Response by Matt Baker share this - email, favourites, social bookmarks and more

The Palette and the Piano -
Can Musicians approach Harmonic Colour like an Artist does his Paints?

It is a great pleasure to be answering this question – certainly one of my favourite topics in the world of Jazz to think about, talk about, and ‘experience' whilst in the moment, improvising. By reading the title itself, I hope even if for the first time you have already opened your mind to the possibility of considering our large array of note choices on your instrument a palette of colour, just as an artist views his palette of paint.
 
How does an artist view his colours then – is green simply green? Is red simply red? Is it open to interpretation? You bet it is. One artist could view ‘green' as green, where others could argue its dark green, or pine, grass, turquoise, aqua, bottle, blackboard, Kermit or lime.

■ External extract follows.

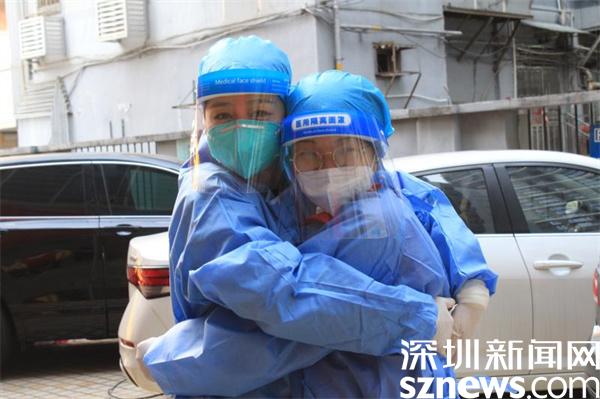1月11日,深圳突然降溫,風大天冷。北風呼嘯中,羅湖區桂園街道老圍社區禧程酒店的臨時檢測點帳篷差點被掀翻。寒風刺骨,社區工作人員和志愿者有條不紊地引導市民有序采樣。工作人員在“風口浪尖”上站得久了,被吹得全身透涼,手指頭都冷僵了。瞬間,兩名志愿者緊緊擁抱在一起,相互取暖,以示鼓勵。隨后,又立刻回到各自崗位,投入緊張的工作中。

And where do you use green – are all leaves green and all skies blue? You bet not. If you take a close-up look at a painting, you'll see leaves are painted with reds, yellows, blacks, greys or blues, depending on sunlight, shadow and the overall colour he/she wants our eyes to interpret from a distance.
 
This is exactly the same in musical harmony – (and by the way, not just Jazz). We might look at the note choices a soloist used on a chord and say "this ones right, these ones are clearly from the scale or chord, but these ones are clearly wrong, - you cant play F#'s on an Fmin7 chord", but the reason the artist put that in is part of the overall colour he/she wanted our "ears" to hear. They don't single out each individual note and say "I'm now going to play F# on this Fmin7 chord", just as a painter doesn't come at it with "Well, I think this leaf will be red". Both have a greater view in mind.
 
Let me first briefly reintroduce us to the topic of Synaesthesia – the type of synaesthesia where the hearing of a sound produces the visualisation of a colour. This topic was covered at length in an earlier article by Chris Latham on this website, so I wont be going into any of the theory here, but let me ask you this question – when you picture the notes of the scale in your head, do you see different colours for each note? For myself as a pianist, when I picture the keyboard in my head, naturally I see the physical black and white keys, but I also see colour for each note. The notes aren't painted in a colour, they are still black and white, but I see what is similar to a shade or cloud over the note.
 
Here is what I see in my mind: Note that all sharps and flats (black notes) are usually very dark shades of the colours next to them.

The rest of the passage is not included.